Insbesondere die niedrigen Erikagewächse des Fjells verwandeln sich jetzt in rote Farbkleckse in allen Schattierungen - von orange bis dunkel-weinrot.



So wussten wir, am Gipfel des Bogvetten angekommen, erst einmal nicht, was wir mehr bewundern sollten - die Herbstfärbung zu unseren Füßen oder die grandiose Aussicht auf die Berge rund um den Tysfjord...

Tysfjord mit Stetind

...und über den Vestfjord auf die lange Bergkette der Lofoten:
















Der Gipfel des Bogvetten (521 m) ist stellenweise sandig, weil der Granit hier sehr stark verwittert ist - überall trifft man seltsam geformte Felsgestalten wie diese an:



Und immer wieder fasziniert uns der Blick auf Norwegens Nationalberg, den 1.392 m hohen Stetind, der sich direkt aus dem Tysfjord erhebt:



Abgesehen von seiner landschaftlichen Schönheit - nirgendwo, so meine ich, ist Norwegen schöner als hier! - spielt der Tysfjord auch eine wichtige Rolle in puncto Verkehr: Hier ist die E 6, die Hauptverkehrsstraße durch Norwegen, nach wie vor unterbrochen, und nur mit einer Fähre gelangen sämtliche Autos über den Tysfjord. Es ist die einzige und letzte verbliebene Fähre der E 6 auf dem Weg von Oslo nach Kirkenes im äußersten Nordosten Norwegens.
Hier schauen wir vom Bogvetten hinunter auf den Fähranleger in Bognes. Eine der Fähren überquert den Tysfjord nach Norden, die andere den Vestfjord nach Lødingen auf den Vesterålen-Inseln:

Bognes fergekai

Wir saßen lange auf dem Gipfel des Bogvetten - es war warm und windstill, und von der Aussicht in alle Richtungen konnten wir uns nur schwer losreißen...


Auf der Heimfahrt legten wir dann noch einen Halt ein, um einen Blick auf den Gipfelaufbau des Hatten zu werfen. Er ist mit seinen 850 m Höhe d e r dominierende Küstenberg in dieser Gegend - und eines unserer nächsten Ziele an einem kommenden Schönwettertag:





Samstag, 13. September 2014

mit dem Hurtigbåt nach Bodø

Das schöne Spätsommerwetter Ende August nutzten wir auch für eine Fahrt mit dem "hurtigbåt" von Skutvik nach Bodø (und zurück). Nicht etwa, weil wir irgend etwas in Bodø zu erledigen hatten, sondern "einfach nur so" - um zweimal zweieinhalb Stunden lang die Fahrt entlang der großartigen bergigen Küste von Steigen, Nordfold, Sørfold und Kjerringøy genießen zu können.

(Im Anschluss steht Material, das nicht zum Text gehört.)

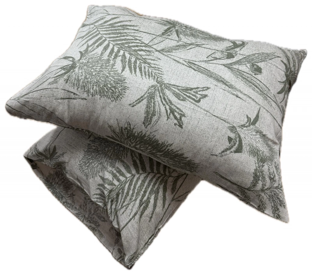 Clasy Ranforce %100 Pamuk 2 Adet Yastık Kılıfı Yaprak Desenli Yeşil

Das hurtigbåt verkehrt zwischen Svolvær, dem Hauptort der Lofoten, und Bodø.
Es legt an mehreren kleinen Ortschaften entlang dieser Strecke an, die per Auto nur sehr umständlich oder sogar überhaupt nicht zu erreichen sind. Ähnlich wie ein Linienbus befördert es hauptsächlich Pendler, Studenten und ältere Schüler, die in Bodø ein Internat besuchen, Menschen, die in Bodø etwas zu erledigen haben oder zum Flughafen wollen - darunter auch einige wenige Touristen.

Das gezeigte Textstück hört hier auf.